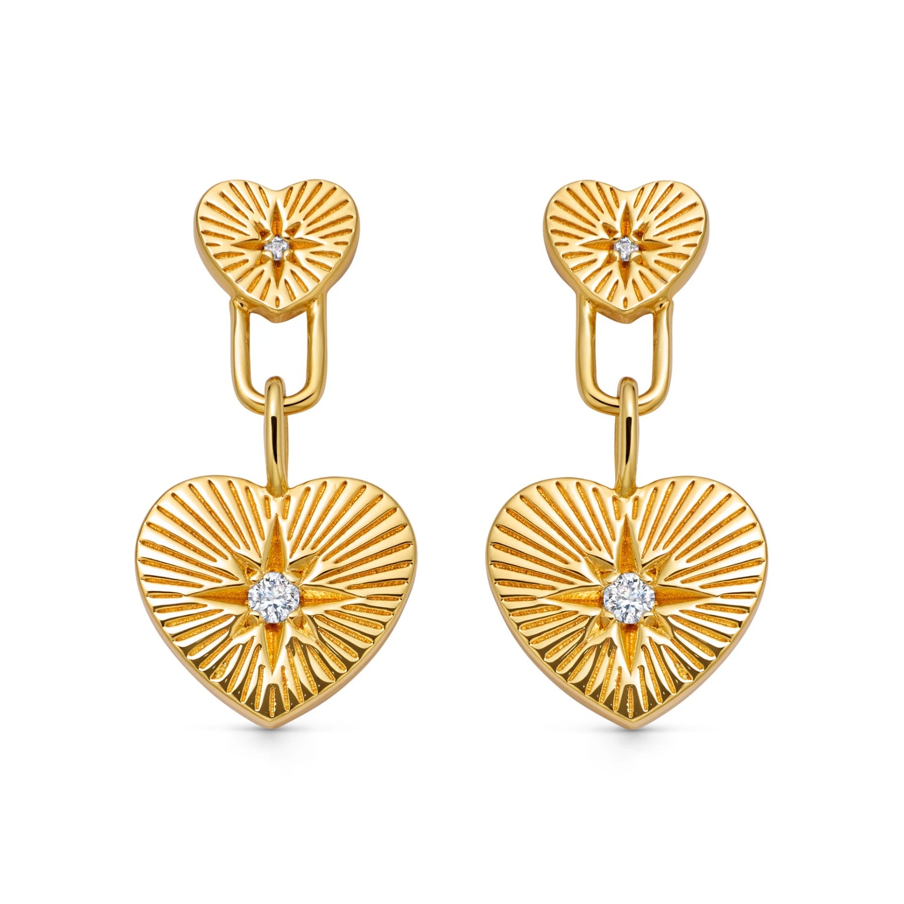 Astley Clarke Double Heart Drop Earrings - Gold Vermeil & White Sapphire
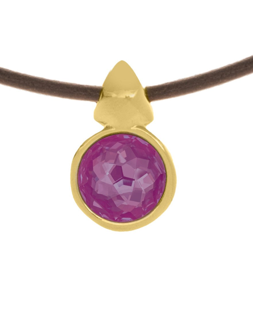 Collar corto de cordón de cuero fino. Prensenta un colgante circular acabado en forma triangular con un cristal Swarovski® redondo en el centro.
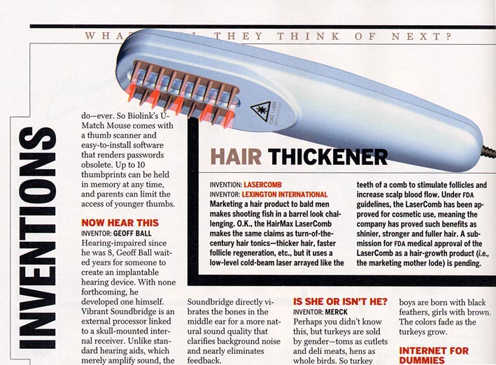 The HairMax LaserComb, a hand-held laser device that promotes thicker,
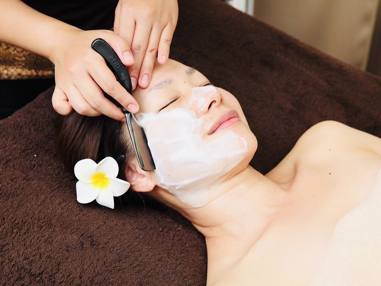 シェービングで素肌をさらに美しく♪産毛がなくなるとお肌がワントーン明るくなりお化粧ノリもUP!マシンで古い角質もしっかりケア!オールハンドマッサージや5種類から選べるパックでお肌も気分もリフレッシュ♪リーズナブルだけどクオリティの高い仕上がりで触り心地の良いお肌を叶えます♪
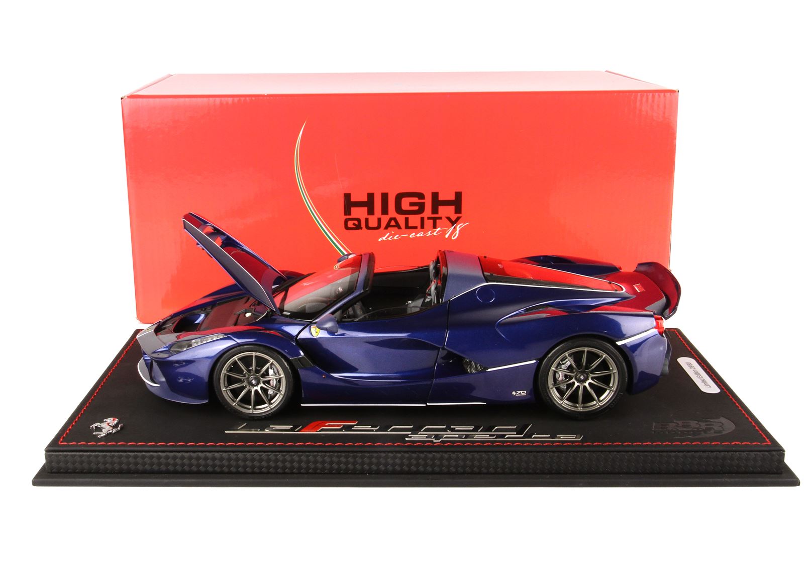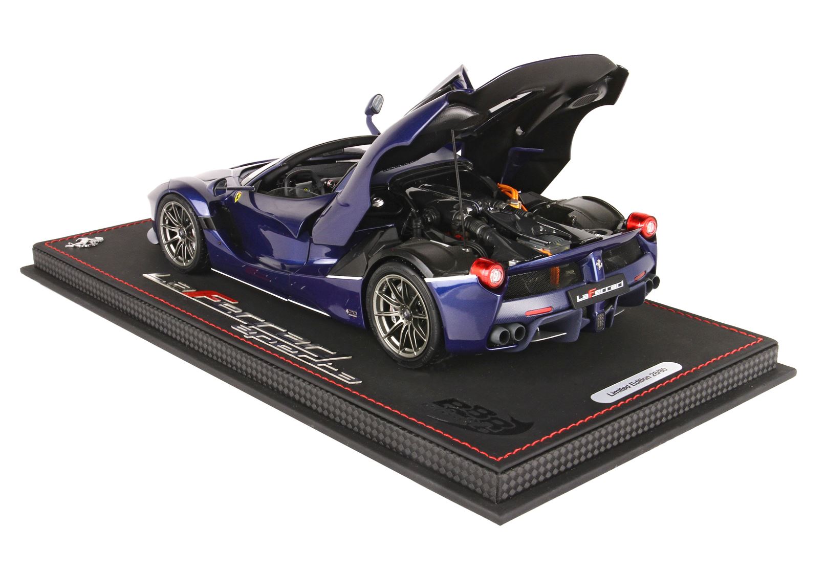 Automodello venduto su base in tessuto tecnico, cucito a mano e logo ufficiale LaFerrari Aperta in acciaio.

==============================

What you should repeat exactly is the run of lines from the top of the listing above through the line with "シェービングで素肌をさらに美", without pictures.

 Astley Clarke Double Heart Drop Earrings - Gold Vermeil & White Sapphire
 Collar corto de cordón de cuero fino. Prensenta un colgante circular acabado en forma triangular con un cristal Swarovski® redondo en el centro.
 The HairMax LaserComb, a hand-held laser device that promotes thicker,
 シェービングで素肌をさらに美しく♪産毛がなくなるとお肌がワントーン明るくなりお化粧ノリもUP!マシンで古い角質もしっかりケア!オールハンドマッサージや5種類から選べるパックでお肌も気分もリフレッシュ♪リーズナブルだけどクオリティの高い仕上がりで触り心地の良いお肌を叶えます♪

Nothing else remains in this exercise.